▸ **YOUR INSTRUCTIONS**
Your answer should be the lines from the one with "踏棍宜采用不小于Φ20㎜的圓鋼,間距宜為300㎜等距離分布。" to the end of the data below, both included, exact and free of pictures.

▸ **SOURCE INFORMATION**
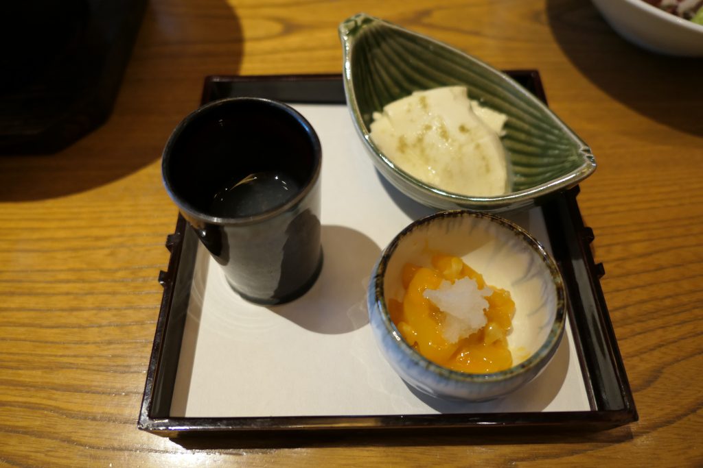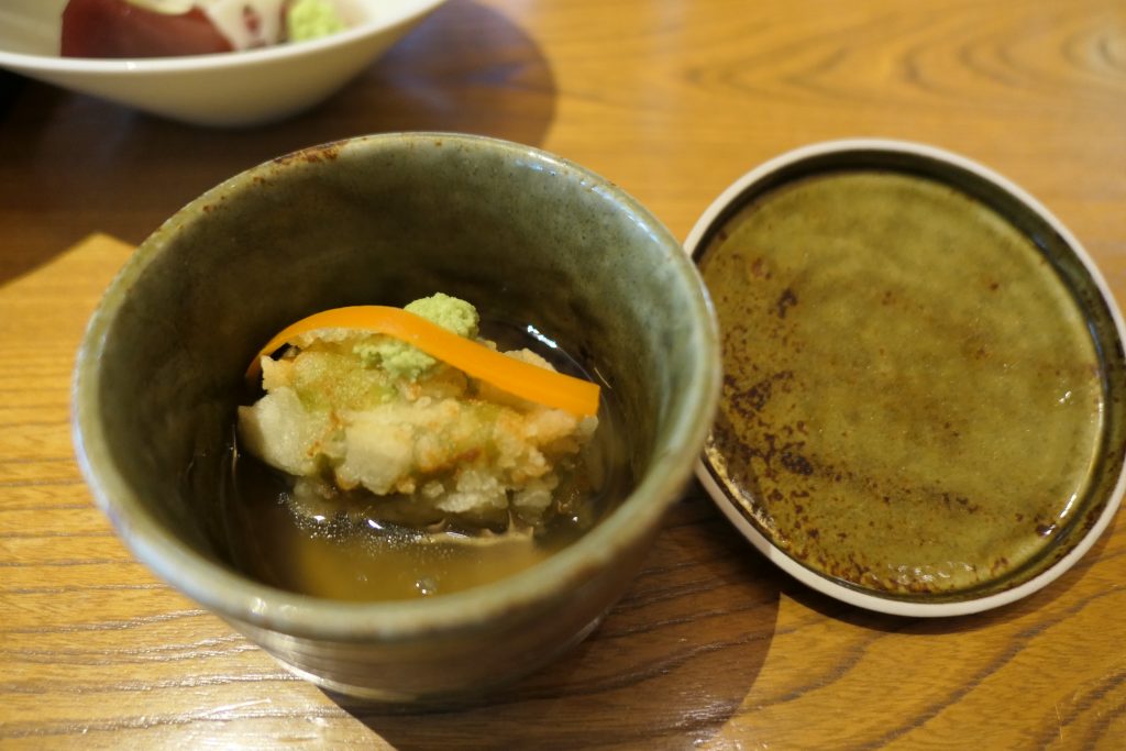 - ⑤前菜「蓮根湯と季節鉢二種」
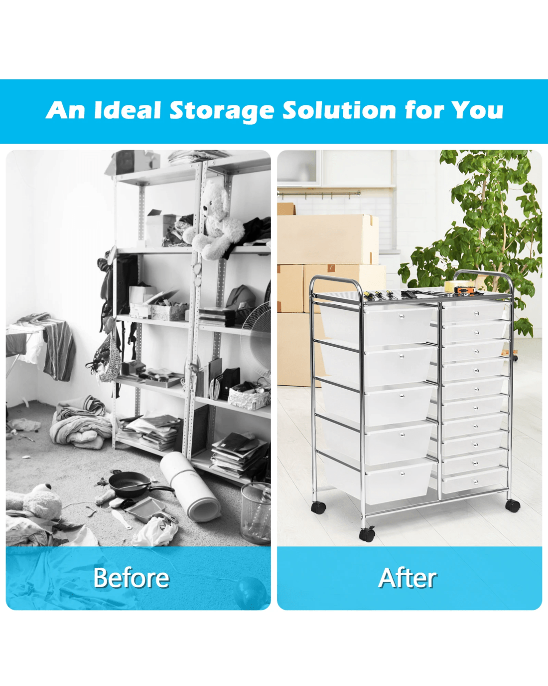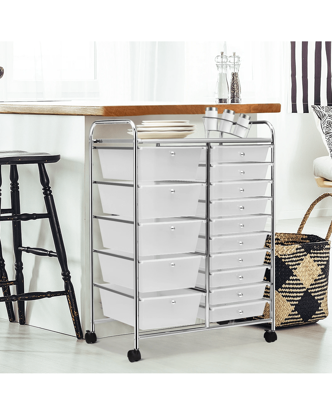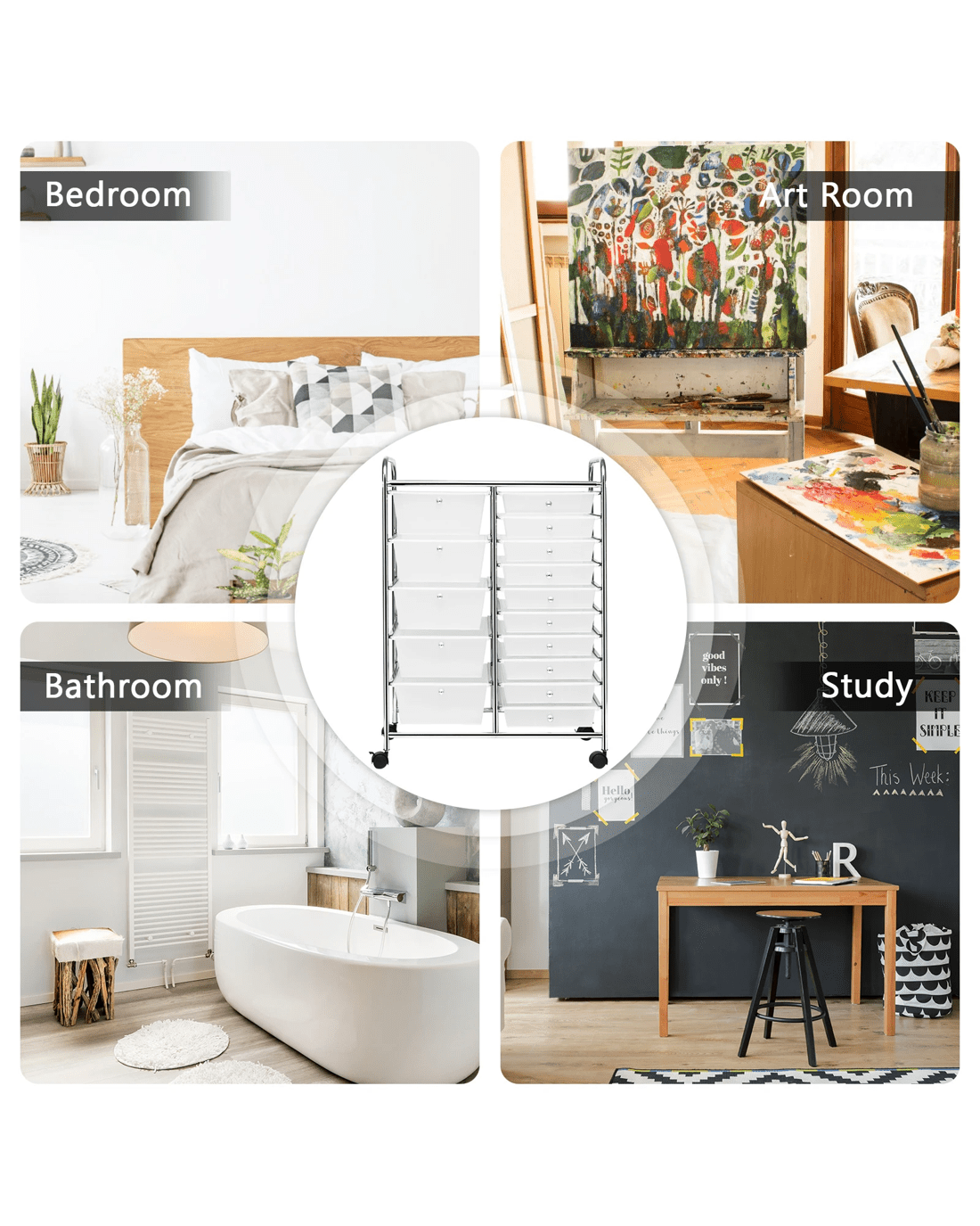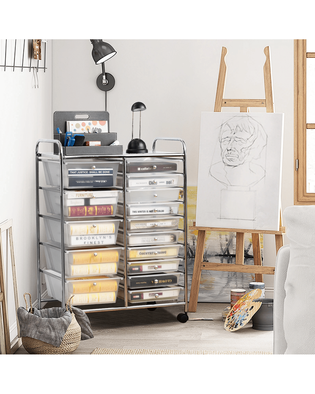 Our 15-drawer rolling storage cart will provide enough storage space for you. It is great for paper, tools, accessories, crafting, scrapbooking or home office, helping you to organize and make your tools in order. Constructed of industrial-strength metal tubes and finished in chrome, the drawer cart is sturdy to serve you for a long time. Equipped with easy-to-grab handles and 4 universal wheels, it is easy to move the lightweight cart. And 2 of the wheels have a simple lock for easy stopping. With our utility storage organizer, you can store various things from art and office supplies to cleaning or kitchen essentials. It is ideal to arrange your different stuff at the office, home, school and garage or just about anywhere organization is needed.
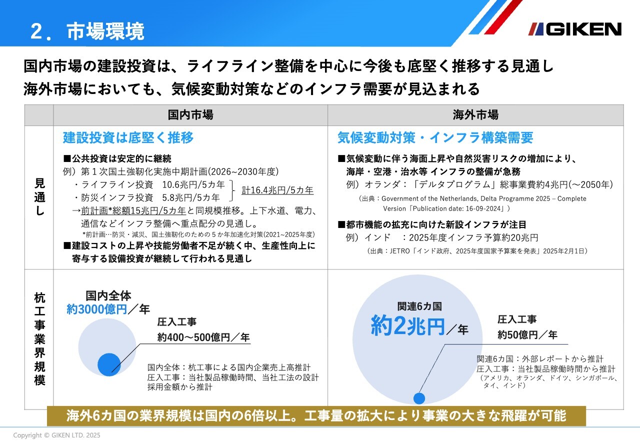 一方、海外市場では、自然災害の激甚化による被害が顕著になっており、気候変動対策のためのインフラ整備が急務となっています。また、成長著しい国の都市化が進み、都市機能のためのインフラ構築需要が高まっており、インフラ整備は旺盛だと見込んでいます。
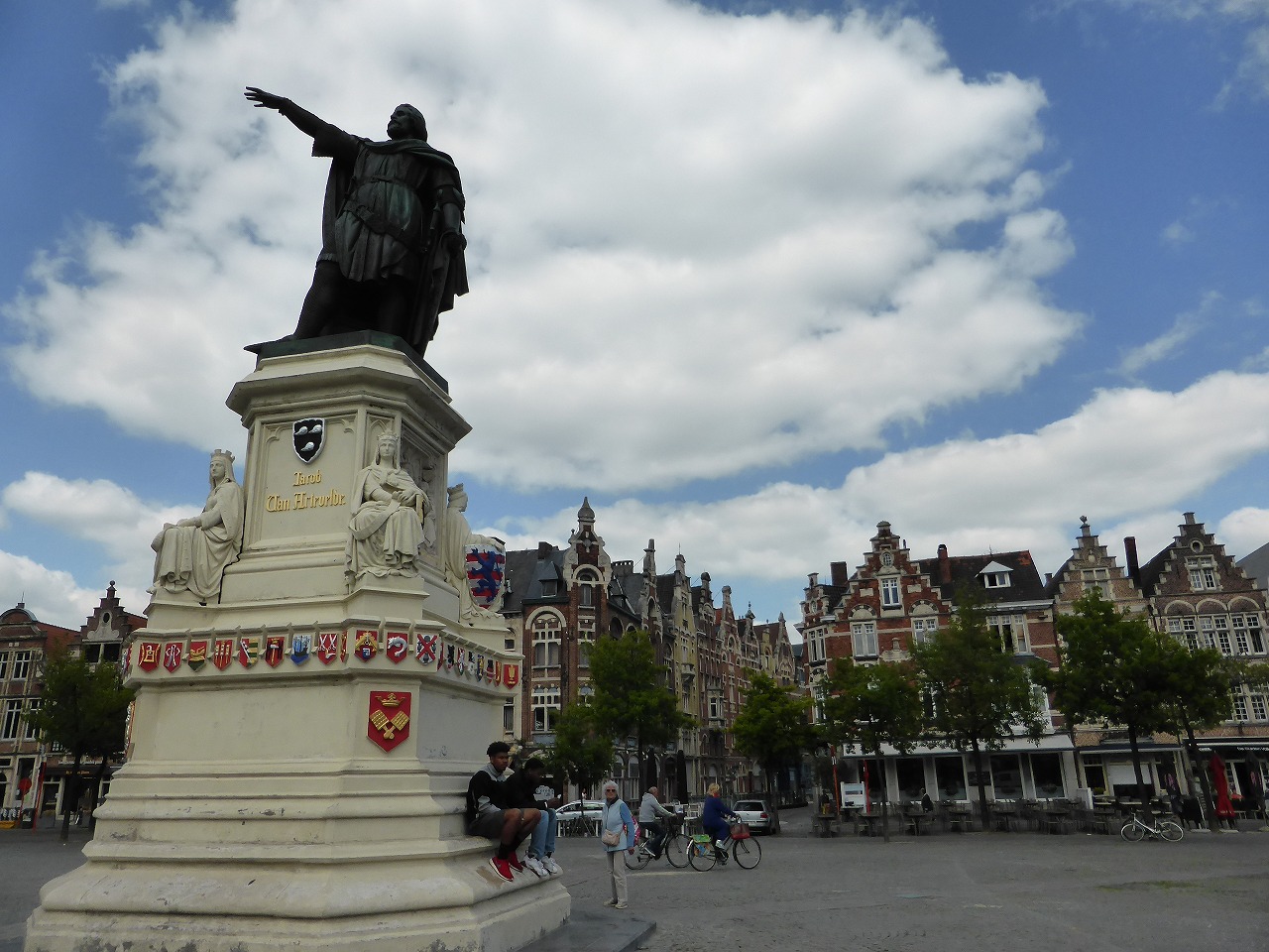 「金曜日広場」 像は賢人、ヘント(ガン)の醸造者などと呼ばれたフランドルの政治指導者のヤコブ・ファン・アルテフェルデです。百年戦争初期に名声を確立しました。
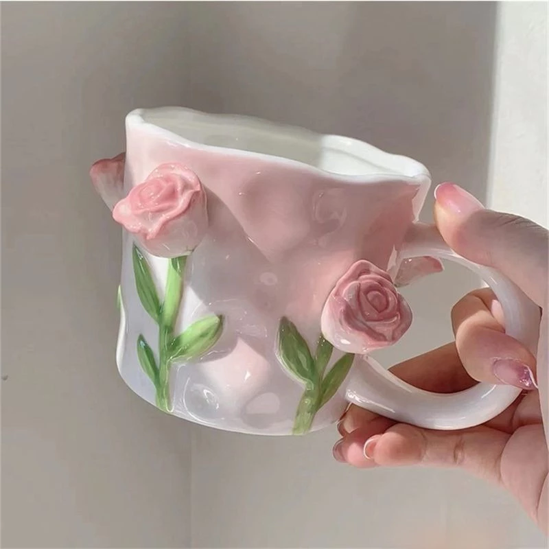 この「スズラン&バラ浮き彫りプレミアムセラミックマグカップ」は、単なる飲み物の容器ではなく、芸術作品としての価値を持つ逸品です。
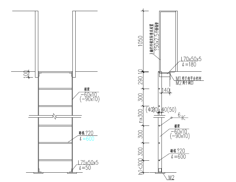 踏棍宜采用不小于Φ20㎜的圓鋼,間距宜為300㎜等距離分布。
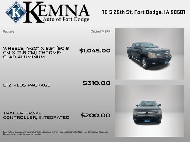 Discover the power and capability of the 2009 Chevrolet Silverado 1500 LTZ. This impressive truck is ready to take on any challenge, whether you're hauling heavy loads, towing your boat, or navigating rough terrain. With its Vortec 5.3L V8 SFI Flex Fuel engine and 4-wheel drive capabilities, this Silverado delivers the performance and versatility you need.• Wheels, 4-20 x 8.5 Chrome-Clad Aluminum• LTZ Plus Package, including Universal Home Remote, Locking Tailgate, and EZ-Lift Tailgate• Integrated Trailer Brake ControllerThe interior of this Silverado LTZ is designed with your comfort and convenience in mind. Enjoy features like Bluetooth® for phone, power steering, and remote keyless entry. The leather-wrapped steering wheel with audio controls puts all the functions you need right at your fingertips. With the OnStar® Safe & Sound system, you'll have peace of mind knowing you're connected to emergency services if needed.This Silverado also boasts impressive safety features, including ABS brakes, dual front impact airbags, and the StabiliTrak Stability Control System. The front anti-roll bar and front wheel independent suspension provide a smooth, responsive ride, while the heavy-duty rear automatic locking differential and auxiliary transmission oil cooler ensure reliable performance, even in the toughest conditions.The exterior of this Silverado LTZ is sleek and stylish, with a bold black finish and chrome accents that give it a commanding presence on the road. The solar-ray deep-tinted glass and delay-off headlights add to the vehicle's sophisticated appearance.Whether you're tackling work projects, enjoying outdoor adventures, or simply commuting in style, the 2009 Chevrolet Silverado 1500 LTZ is the perfect companion. With its exceptional capabilities, impressive features, and attractive design, this truck is sure to exceed your expectations. Visit our showroom today to experience the power and versatility of the Silverado LTZ for yourself.

▸ **EXERCISE OUTPUT**
 踏棍宜采用不小于Φ20㎜的圓鋼,間距宜為300㎜等距離分布。
 Discover the power and capability of the 2009 Chevrolet Silverado 1500 LTZ. This impressive truck is ready to take on any challenge, whether you're hauling heavy loads, towing your boat, or navigating rough terrain. With its Vortec 5.3L V8 SFI Flex Fuel engine and 4-wheel drive capabilities, this Silverado delivers the performance and versatility you need.• Wheels, 4-20 x 8.5 Chrome-Clad Aluminum• LTZ Plus Package, including Universal Home Remote, Locking Tailgate, and EZ-Lift Tailgate• Integrated Trailer Brake ControllerThe interior of this Silverado LTZ is designed with your comfort and convenience in mind. Enjoy features like Bluetooth® for phone, power steering, and remote keyless entry. The leather-wrapped steering wheel with audio controls puts all the functions you need right at your fingertips. With the OnStar® Safe & Sound system, you'll have peace of mind knowing you're connected to emergency services if needed.This Silverado also boasts impressive safety features, including ABS brakes, dual front impact airbags, and the StabiliTrak Stability Control System. The front anti-roll bar and front wheel independent suspension provide a smooth, responsive ride, while the heavy-duty rear automatic locking differential and auxiliary transmission oil cooler ensure reliable performance, even in the toughest conditions.The exterior of this Silverado LTZ is sleek and stylish, with a bold black finish and chrome accents that give it a commanding presence on the road. The solar-ray deep-tinted glass and delay-off headlights add to the vehicle's sophisticated appearance.Whether you're tackling work projects, enjoying outdoor adventures, or simply commuting in style, the 2009 Chevrolet Silverado 1500 LTZ is the perfect companion. With its exceptional capabilities, impressive features, and attractive design, this truck is sure to exceed your expectations. Visit our showroom today to experience the power and versatility of the Silverado LTZ for yourself.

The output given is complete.